Uploaded image for project: 'Hadoop HDFS'
  1. Hadoop HDFS
  2. HDFS-17238

Setting the value of "dfs.blocksize" too large will cause HDFS to be unable to write to files

    XMLWordPrintableJSON

Details

    • Bug
    • Status: Resolved
    • Major
    • Resolution: Won't Fix
    • 3.3.6
    • None
    • hdfs
    • None

    Description

      My hadoop version is 3.3.6, and I use the Pseudo-Distributed Operation.

      core-site.xml like below.

      <configuration>
        <property>
              <name>fs.defaultFS</name>
              <value>hdfs://localhost:9000</value>
          </property>
          <property>
              <name>hadoop.tmp.dir</name>
              <value>/home/hadoop/Mutil_Component/tmp</value>
          </property>
         
      </configuration>

      hdfs-site.xml like below.

      <configuration>
         <property>
              <name>dfs.replication</name>
              <value>1</value>
          </property>
      <property>
              <name>dfs.blocksize</name>
              <value>1342177280000</value>
          </property>
         
      </configuration>

      And then format the namenode, and start the hdfs.

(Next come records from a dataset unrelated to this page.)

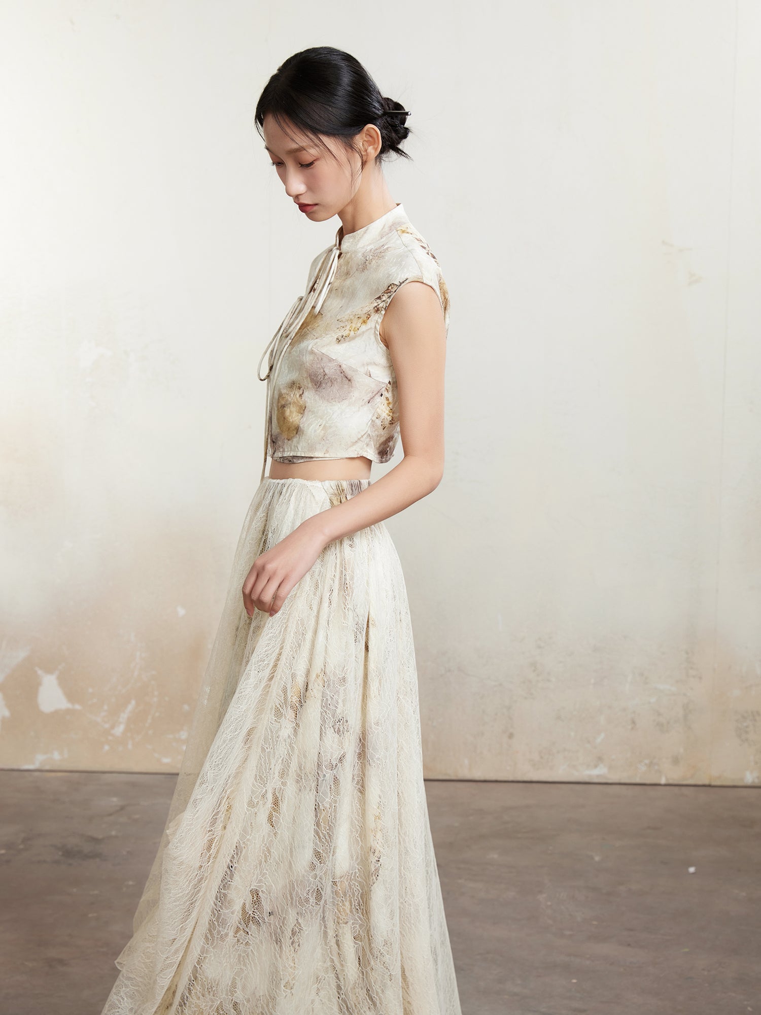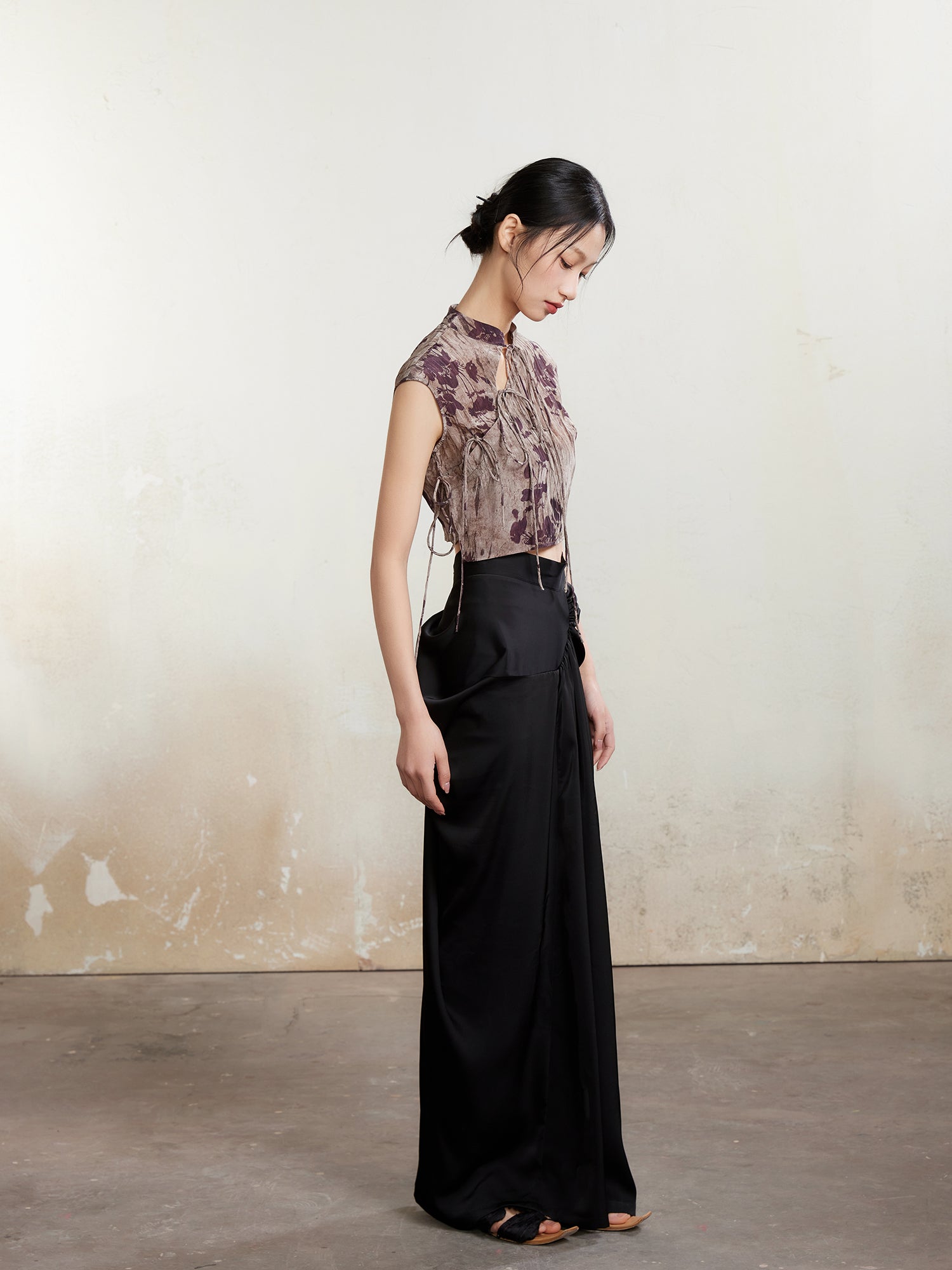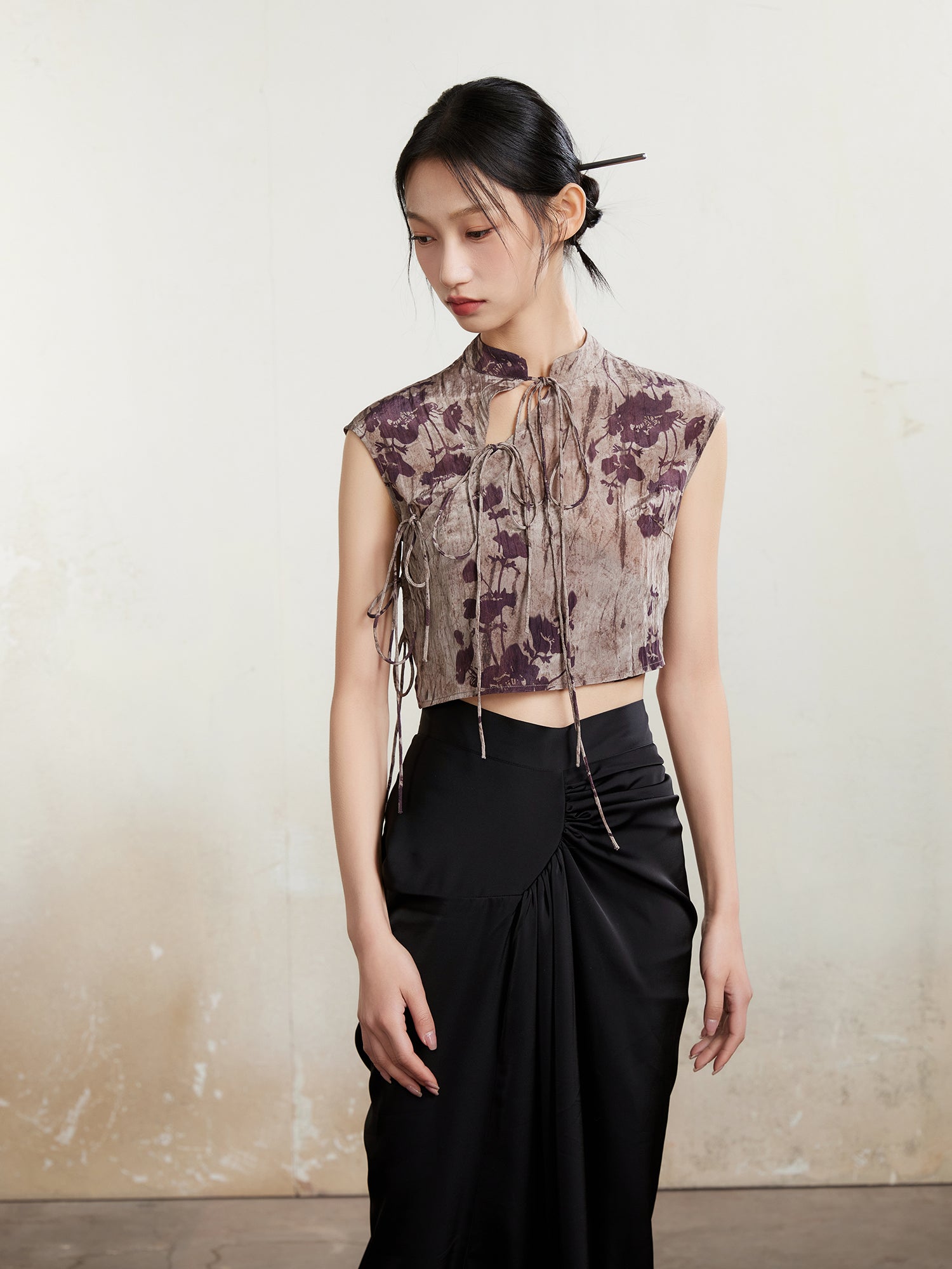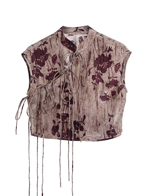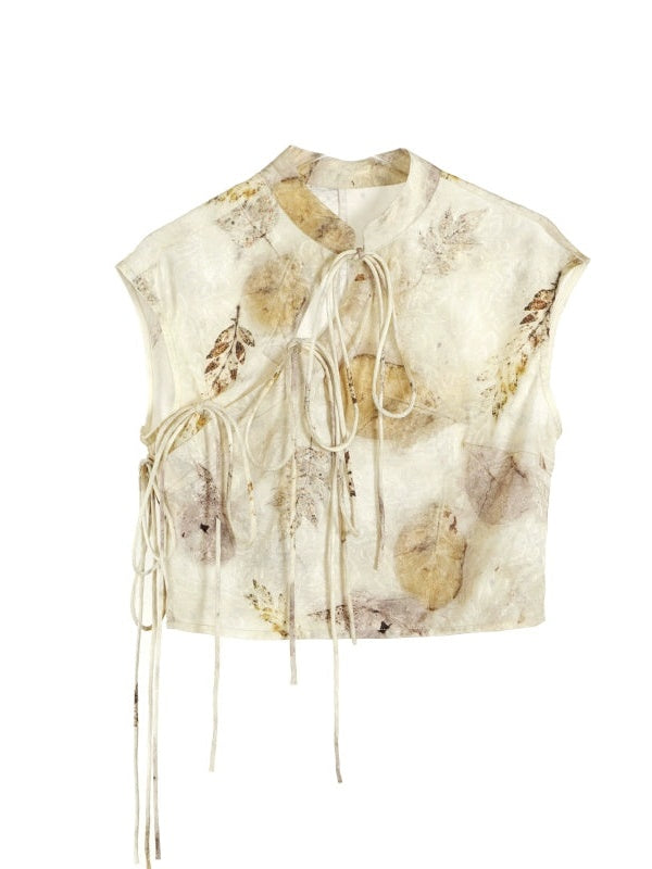 Chinesische gedruckte Ärmeltätigkeit Schnüre-up Short Top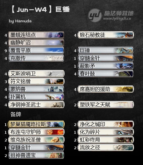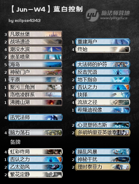 这套牌算是传统控制荣光了,虽然连前16都没到。这牌主牌带满了脑力荡石和终始,企图还原薪传蓝白控制的感觉,虽然节奏上慢了不少,但至少是一个解决终始上手的好方案。不过在我看来,我更偏向于环境初期的蓝白控方案,即带克撒传、1到2张探险地图的版本。只不过不论什么方案,在面对现在的主流中速或者快攻套牌时,蓝白控是在有些捉襟见肘,只建议信仰玩家使用。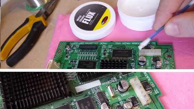 Aplicar flujo un poco a los pines en (Foto 3), luego de la soldadura, este "estañado" permite una articulación mucho más fuerte de la soldadura.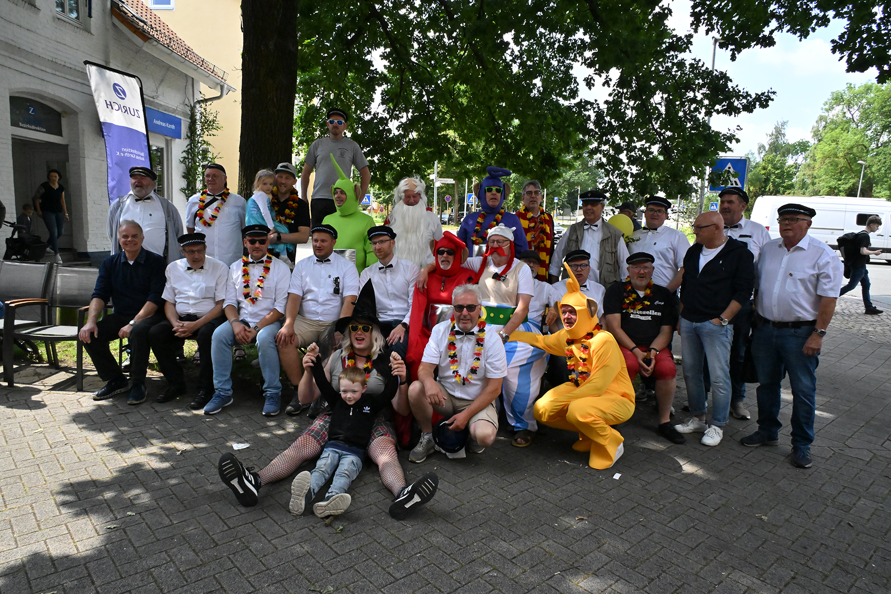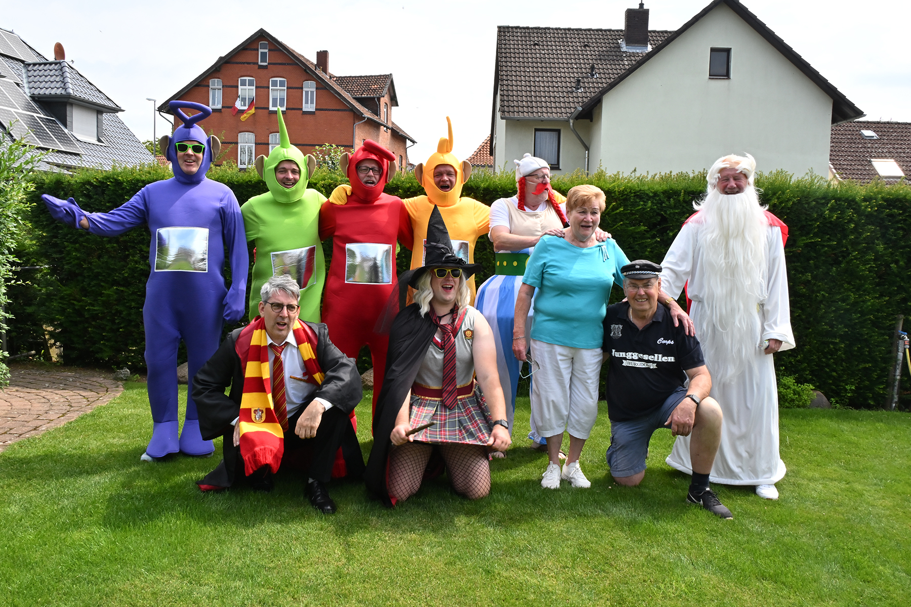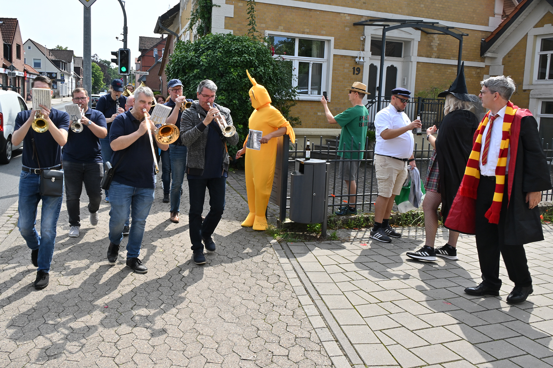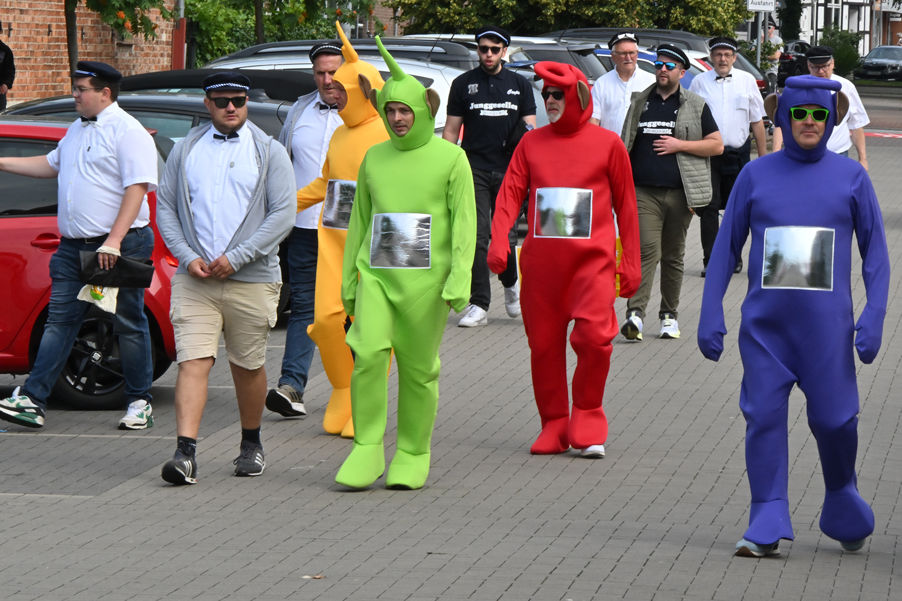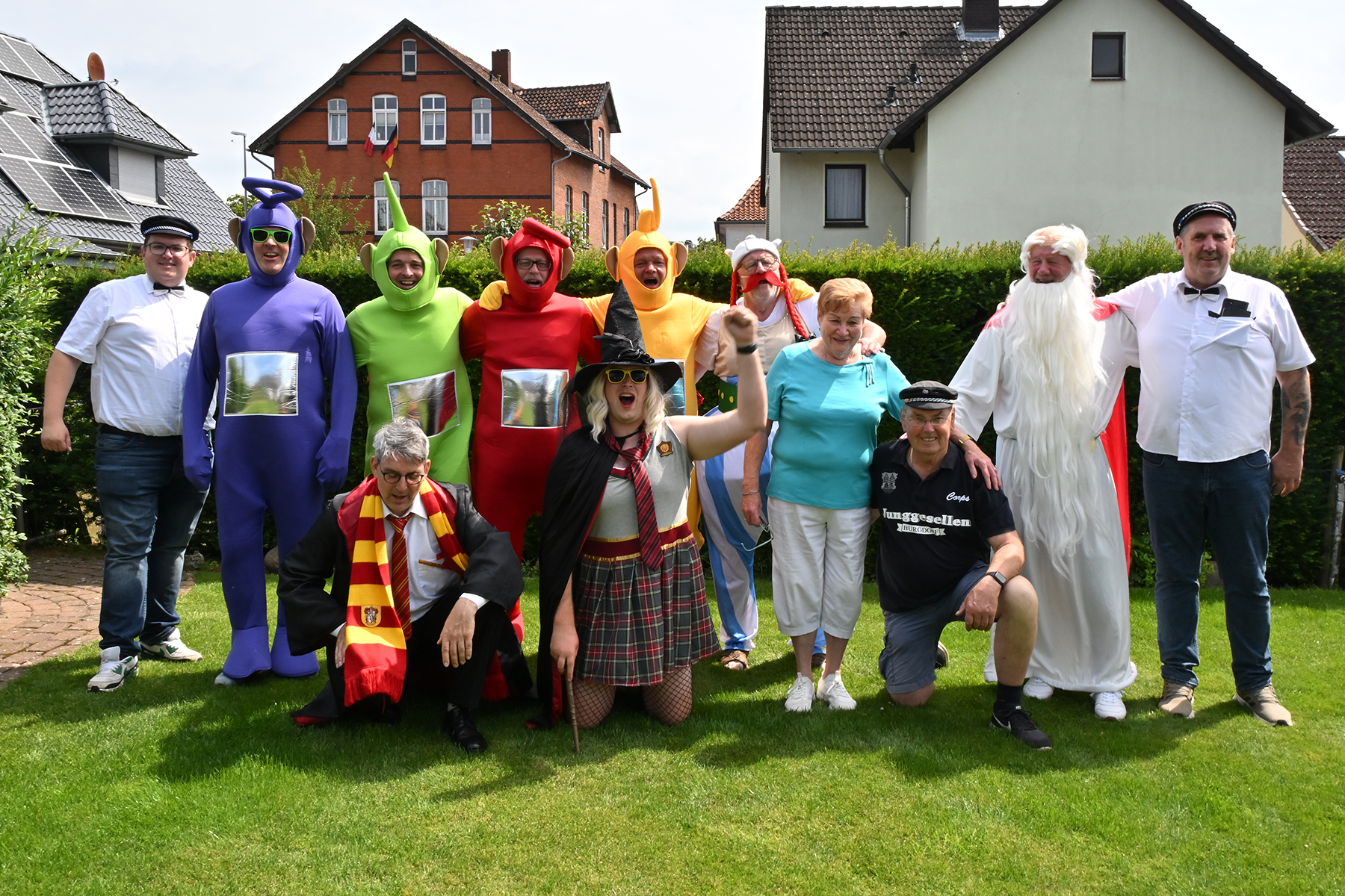 Um 7:45 Uhr starteten sie dann zu ihrer Tour durch die Stadt, um zu sammeln. Begleitet wurden die Junggesellen vom Musikzug der Freiwilligen Feuerwehr Misburg. Als Verkleidungen waren in diesem Jahr unter anderem Teletubbies und Harry Potter zu sehen, aber auch Obelix und Miraculix. Bei wechselndem Sonnenschein und warmen Temperaturen kamen auch schon die Junggesellen in ihren Kostümen ins Schwitzen.

HDFS is running normally.

      hadoop@hadoop-Standard-PC-i440FX-PIIX-1996:~/Mutil_Component/hadoop-3.3.6$ bin/hdfs namenode -format
      xxxxxxxxxxxxxxxxxxxxxxxxxxxxxxxxxxxxx(many info)
      hadoop@hadoop-Standard-PC-i440FX-PIIX-1996:~/Mutil_Component/hadoop-3.3.6$ sbin/start-dfs.sh
      Starting namenodes on [localhost]
      Starting datanodes
      Starting secondary namenodes [hadoop-Standard-PC-i440FX-PIIX-1996] 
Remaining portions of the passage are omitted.